- The comedian, in an image from early in his career
- Born: November 29, 1911 Porto Alegre, Rio Grande do Sul, Brazil
- Died: April 19, 1996 (aged 84) Rio de Janeiro, Rio de Janeiro, Brazil
- Occupations: actor comedian
- Notable work: Baltazar da Rocha in Escolinha do Professor Raimundo
- Relatives: Ema D'Ávila [pt] (sister)

= Walter D'Ávila =

Brazilian actor and comedian

Walter D'Ávila (November 29, 1911 – April 19, 1996) was a Brazilian actor and comedian. He is known for his work as a cast member on TV Globo's comedy shows.

== Biography ==
Walter D'Ávila was born in Porto Alegre, the capital of Rio Grande do Sul. He began his career in 1935 at Rádio Sociedade Gaúcha in Porto Alegre. He moved to Rio de Janeiro to work on comedy radio shows and in revue theater productions. He started out at Rádio Nacional and later worked at Rádio Mayrink Veiga, where he made a name for himself on the show Aí Vem a Dona Isaura in 1958.

He made his film debut in the 1935 movie Noites Cariocas. He also appeared in films such as Berlin to the Samba Beat, Fogo na Canjica, The Lero-Lero Family, and Carnaval em lá maior. He made his television debut in 1958, also on TV Rio, appearing on the show Noite de Gala, and later appeared on other programs on the network, such as the Chico Anysio Show and Praça da Alegria.

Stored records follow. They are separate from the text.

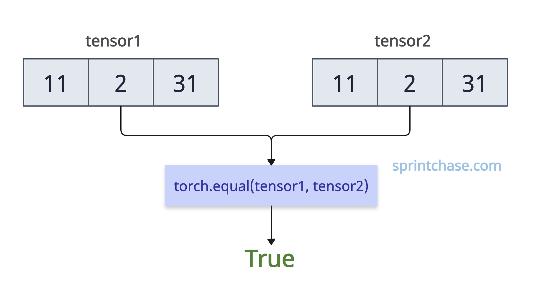 The torch.equal() method checks if two tensors are exactly equal in terms of shape and element values (even if their dtypes differ like int64 or float32). It returns True if the tensors are identical, and False otherwise.
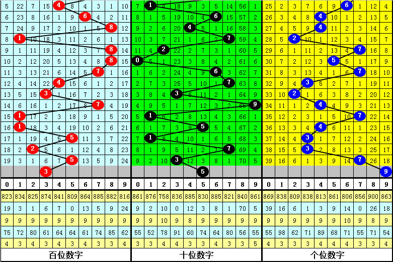百位上期出现:热号5,该位连续十期以热号出现较多,以温号、冷号出现较少,本期该位温号有4个:3、4、6、8,看好温号转热,关注号码3。
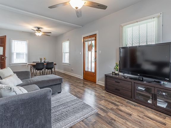 Not only is the exterior appealing, so is the inside of this west side bungalow featuring 1560 SF of living space. Sellers have taken out a wall in the living/dining area making the floor plan optimal. All flooring in home has been upgraded with exception of the laundry room. Kitchen has tons of character and style, with original built-in hutch, two toned cabinets, sink with newer cup rinser and all the appliances in kitchen are included (gas range, refrigerator, microwave as well as built-in ironing board and cutting board). The center island in kitchen was an addition and is perfect for cooking and will also be included in sale. Main floor bedroom is currently used for office and features deep closet and newer ceiling fan. Full bath on main level was updated and boast the original claw foot tub with shower. Currently the upper level is where the primary suite is located. With large area for closet and built-in bench storage plus floored attic that would be excellent for an additional bath. Backyard is completely fenced in with maintenance free material, covered deck, 1 car garage with work bench and a doll house/play house shed featuring dutch door. Other nice amenities and updates include: washer/dryer included, roof 2018, electrical panel 2019, ceiling fans 2022-2023, interior house painted in 2022, new trex decking on front porch 2024, HVAC 2019, under contract with Swat Pest, newer smart thermostat, ring door bell and much, much more! 1 year home warranty included for buyers pease of mind. Character, space and updates all in one home.
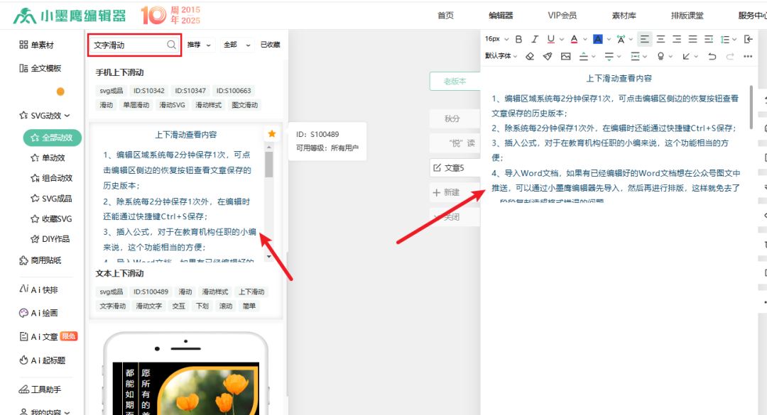 全程不用代码、不用复杂操作,新手也能轻松上手。给大段文字加上滑动动效,不仅版面更灵动,读者阅读也更有节奏,赶紧用起来吧!
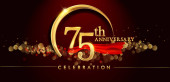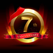 7 Złoty jubileusz celebracja logo na czerwonym tle, ilustracji wektorowych
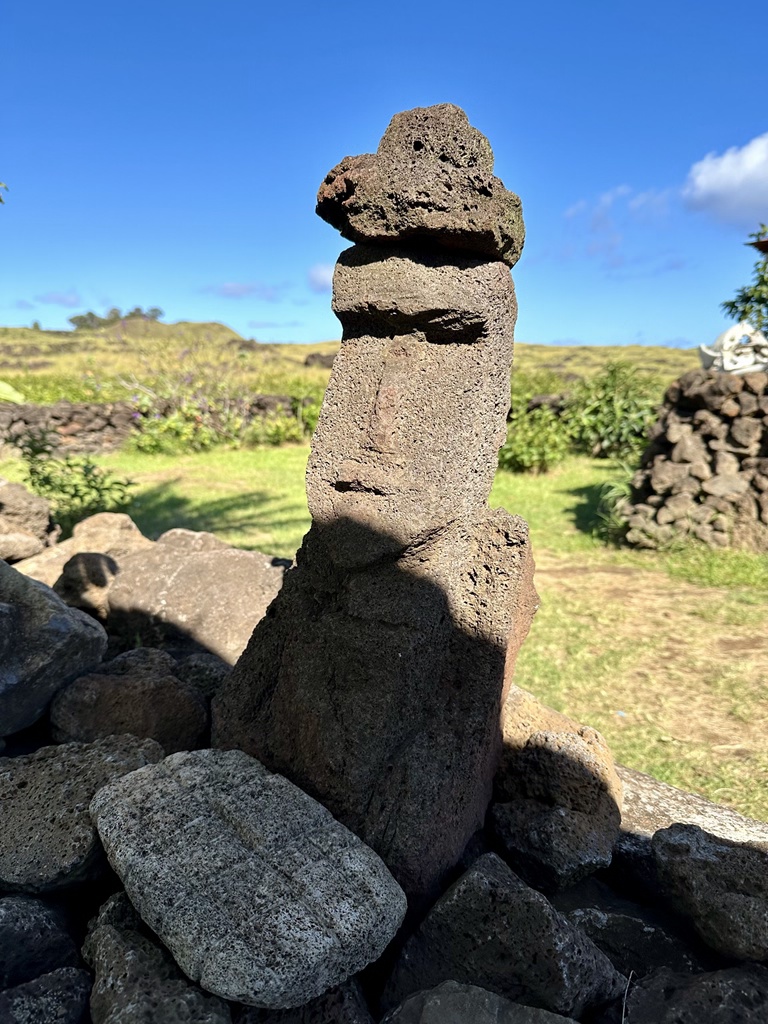 One of the moai here has eyes, the only one on the island, which are made from white coral and obsidian pupils.
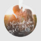 Un souvenir pour votre premier Noël s'est marié avec cette décoration de vacances chic et moderne. Avec notre lettrage moderne original qui dit "Marié et Joyeux" accentué par nos saints dessinés à la main. Customisez avec votre photo et votre texte. Ce design est disponible en couleurs supplémentaires et fait partie d'une collection.

He also appeared on TV Excelsior, TV Tupi, and TV Record, mostly on comedy shows. At TV Globo, he worked on several comedy productions, such as Planeta dos Homens, Chico Total, and Viva o Gordo, collaborating with comedians like Chico Anysio, Jô Soares, Grande Otelo, Pepita Rodríguez, and Luís Carlos Miele. He played the role of Baltazar da Rocha for six seasons on the show Escolinha do Professor Raimundo. In the 2015 remake directed by Bruno Mazzeo, his character was played by Otávio Muller. At the network, she also worked on the soap operas Feijão Maravilha and Espelho Mágico, and the TV series Aplauso.

=== Death ===
He died of heart failure at 10:50 a.m. on April 19, 1996, at the Sorocaba Clinic, located in the Botafogo neighborhood of Rio de Janeiro, where he had been hospitalized for cancer treatment. His body was buried the following day at the São João Batista Cemetery, also in Botafogo.

== Filmography ==

=== Television ===

| Year | Titler | Character | Note(s) | Ref. |
|---|---|---|---|---|
| 1968—1983 | Balança mas Não Cai [pt] | Various |  |  |
| 1975—1979 | Praça da Alegria [pt] | Various |  |  |
| 1977 | Espelho Mágico |  |  |  |
| 1979 | Feijão Maravilha | Scarface |  |  |
| 1981—1987 | Viva o Gordo [pt] | Various |  |  |
| 1984 | Humor Livre | Various | 125 episodes |  |
| 1990—1996 | Escolinha do Professor Raimundo | Baltazar da Rocha |  |  |

=== Cinema ===

| Year | Title | Character | Ref. |
| 1935 | Noites Cariocas | Young |  |
| 1944 | Berlim na Batucada |  |  |
| 1945 | Pif-Paf | Bagaceira |  |
| 1946 | O Ébrio | Primo Rego |  |
| Caídos do Céu [pt] | Claudionor |  |
| 1948 | Fogo na Canjica [pt] |  |  |
| 1949 | Pra Lá de Boa |  |  |
| 1950 | Um Beijo Roubado | Apolo Silva |  |
| 1952 | João Gangorra [pt] | João Gangorra |  |
| 1953 | The Lero-Lero Family | Aquiles Taveira |  |
| 1955 | Carnaval em Lá Maior [pt] | Moreira |  |
| 1957 | Na Corda Bamba [pt] | Singer |  |
| 1958 | É a Maior! [pt] | Evaristo |  |
| No Mundo da Lua | Matias/Zé |  |
| 1960 | Pequeno por fora |  |  |
| 1961 | 3 Colegas de Batina |  |  |
| 1970 | Motorista sem Limites [pt] | Detetive Leão |  |
| 1974 | As Delícias da Vida |  |  |
| 1981 | Professor Kranz tedesco di Germania | Fittipaldi |  |

== Personal life ==
He was the brother of actress and comedian Ema D'Ávila.